We have a “consultant led/controlled” service as opposed to a “consultant delivered” service. This combined with a public/private healthcare service in which the government has provided and continues to provide huge direct and indirect financial support to the private sector. I have highlighted how this happens in the previous blog. In addition to this support it is worth noting that the profile of those who buy health insurance is more likely to be the better educated (often through a highly subsidised third level system) and the wealthier than the average EG; almost 60% of those in the top 25% of income earners are insured compared with just 18% in the law’s 25%.
Studies have shown that what influences people most to buy insurance is not the higher standard of accommodation with hotel style facilities, rather it is the assurance that they can “queue jump” to access treatment. As mentioned previously, access to treatment is primarily influenced by the strength of one’s wallet and not the severity or urgency of the ailment. Also let’s not forget that the most urgent requirement for all governments is the need to be re-elected and politicians are acutely aware that voting turnout is often higher among the better educated and wealthier sections of our society: those most likely to have private insurance. A Republic of Equals we are not !
Let’s fast forward to 2008 and onwards. It is well documented that consultants per population ratio in Ireland is well below that of other developed countries. The workhorses of the healthcare system in Ireland are the non-consultant hospital doctors (NCHD) often given work by consultants which frees up consultants to pursue their more lucrative private activity carried out in the same public hospital. 2008 is an important year; when a new consultants’ contract was agreed as a “precondition” to the government taking on more consultants. This contract positioned Irish Consultants as the highest paid in Europe and that did not take into account all their private fee income.Such is the strength ogf their trade union!
The contract requires them to work 37 hours a week in the public system, but where a consultant is treating both public and private patients in the same hospital the monitoring of time spent with public patients or with more lucrative private patients can become pretty blurred, and who is going to challange them?
What can be done to provide a better and more equitable healthcare service to all the citizens of Ireland? The 64 dollar question! The two tier syatem has become so entrenched that it will be difficult to change. Successive Governments have dithered and avoided decisive action to such an extent that the inaction evolved into Government Policy. There is some hope on the horizon with the advent of purely private hospitals. ( As an aside, isn’t it interesting that some of these new hospitals/businesses are now advertising for customers! Why does a bussiness spend money advertising? Easy, More customers == More profits, simple) There has been some talk of the spare capacity in these private hospitals being used to reduce the disgraceful waiting times in public hospitals. If a decision to do this was made it would be another example of huge amounts of taxpayer money going to subsidise the private hospital system. In the likely event that it will happen I believe the Government should negotiate “very special payment terms”. Longer term these private hospitals should charge the real economic price of their service to those who use it, and the amount of private work done in public hospitals steadily reduced. Consultants doing private patient work should treat private patients in private hospitals. Those consultants who wish to have a contract with the public system can do so but while in a public hospital not be distracted by their private patients in the same hospital.

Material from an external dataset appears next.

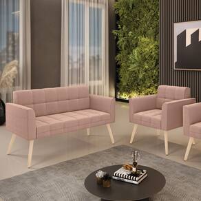 Namoradeira e Poltrona Pé Palito Natural Elisa Bouclê D03 - D`Rossi - Rosê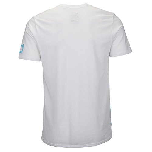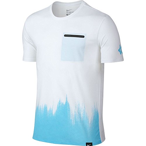 Binding : Apparel Product Description Shirt is athletic cut, short sleeved, and ribbed crew neck with interior taping for durability and comfort. Shirt is white in color with blue lagoon accents designed throughout. You live on the basketball court. Wear a shirt that lets everyone know where your spend your time. Dri-FIT material (58% cotton / 42% polyester), machine washable. 0

Development and improvements in the public system can be partly funded by removal over a few years of tax relief for private insurance premiums, and in the transition period by charging consultants the full economic cost of using public hospital facilities and equipment to treat their private patients.
Word of Caution. Comparative figures can be tricky. EG. Healthcare spending as a % of GDP can be skewed downwards in Ireland since our GDP figure can be inflatedby including a huge pertcentage of goods and services produced by USA multinationals who export not only the goods and services but most of the profit also. On the other side our % spend figure is inflated in comparison to other countres since we include in Healthcare spending, disability support & comminity care of the elderly whereas other OECD countries class these as “social spending”.